Collected data entries:
Content starts
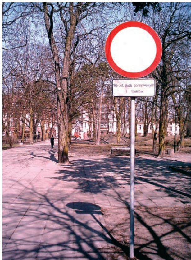
Wkrótce wiosna

Wspólne sygnalizatory pieszo-rowerowe popularne są np. w Wiedniu, gdyż oszczędni Austriacy liczą się z pieniędzmi. W bogatej i rozrzutnej Polsce wspólne sygnalizatory są wciąż rzadkością, ale można je już zaobserwować np. na ulicach Elku. Warto spopularyzować to proste i oszczędne rozwiązanie. Zamiast topić kilkaset tysięcy złotych w nowe światełka, lepiej wybudować dłuższą ścieżkę lub dokonać niezbędnych korekt geometrii skrzyżowań.
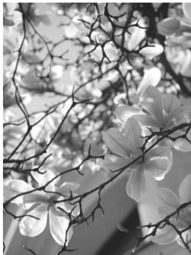
Magnolie, fot. R. Karpińska
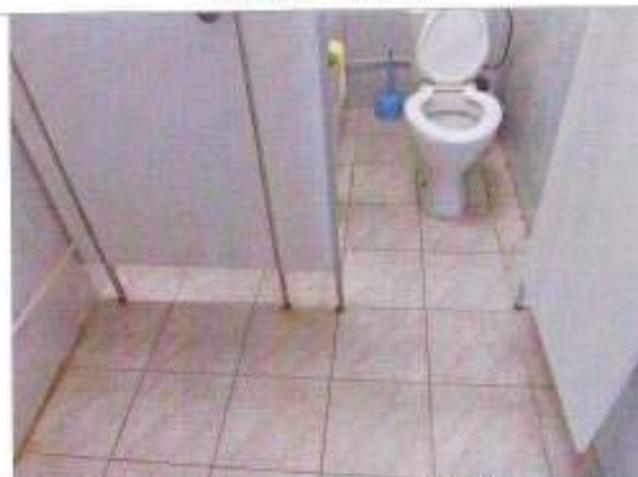
Фото №27 – Санитарно-гигиеническое помещение (туалетная кабина)
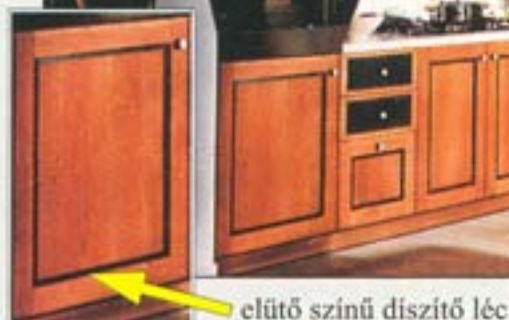
elütő színű díszítő lécc

bútort, érdekes profil kialakítása teszi egyedivé. Meghökkenítő a leleményesség, mellyel a megmunkálás során nemcsak "elvesz" a profilból, hanem egy elütő színű díszítő léccel "hozzátesz" a front felületéhez. Finom vonalvezetése és egyszerű eleganciája alkalmassá teszi akár egy modern, akár egy stíl jellegű enteriőr berendezésére is.
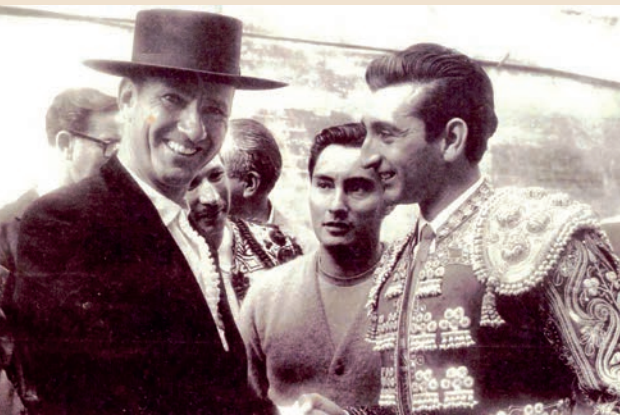
Con Carlos Arruza en un tarde juntos
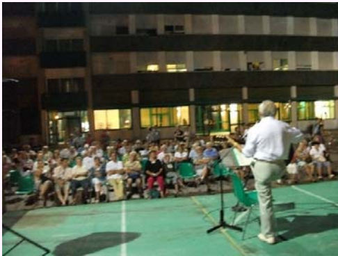
Koncerto de Bronŝtejn
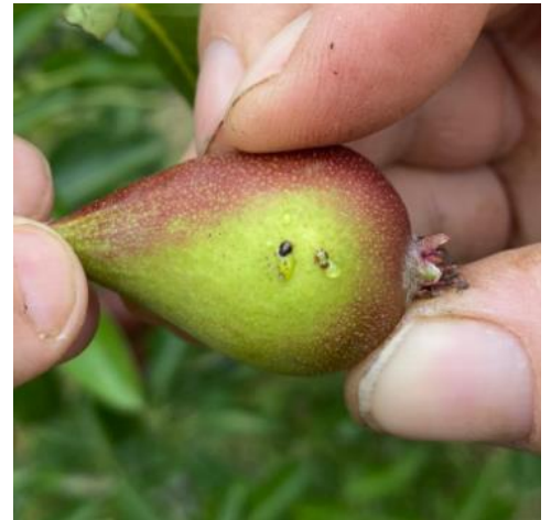
Larves âgées de psylles

Mesures prophylactiques et/ou techniques alternatives : Des applications d'argile dès le début et pendant toute la durée de la période de ponte ont un effet de barrière physique intéressant et permettent de réduire très significativement les niveaux de populations au printemps.
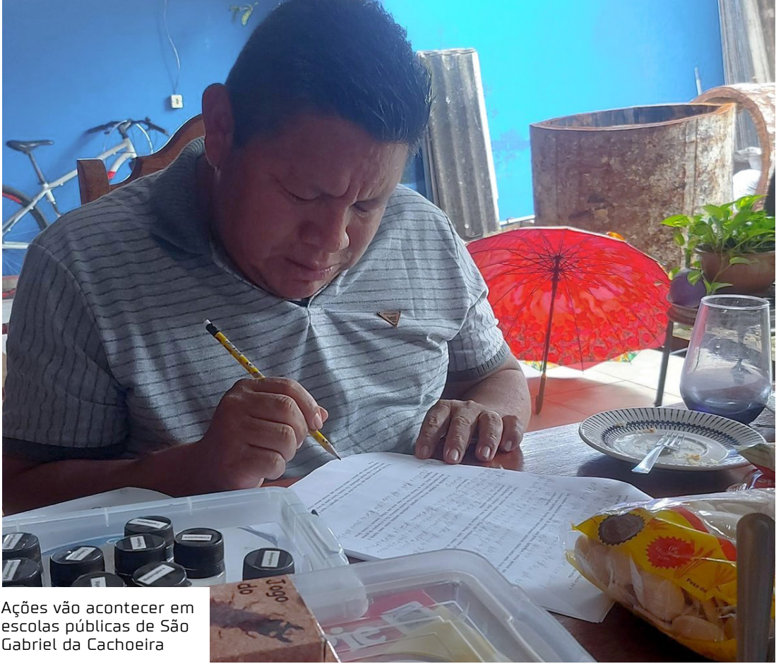
Ações vão acontecer em escolas públicas de São Gabriel da Cachoeira

“Interiorizar a informação é reconhecer que o conhecimento não deve ficar restrito aos grandes centros, mas precisa dialogar com as pessoas que vivem e cuidam
Content ends
— DIRECTIONS —
Which of the lines above hold the string "díszítő"? Pick each of them out.

— TASK OUTPUT —
elütő színű díszítő lécc
bútort, érdekes profil kialakítása teszi egyedivé. Meghökkenítő a leleményesség, mellyel a megmunkálás során nemcsak "elvesz" a profilból, hanem egy elütő színű díszítő léccel "hozzátesz" a front felületéhez. Finom vonalvezetése és egyszerű eleganciája alkalmassá teszi akár egy modern, akár egy stíl jellegű enteriőr berendezésére is.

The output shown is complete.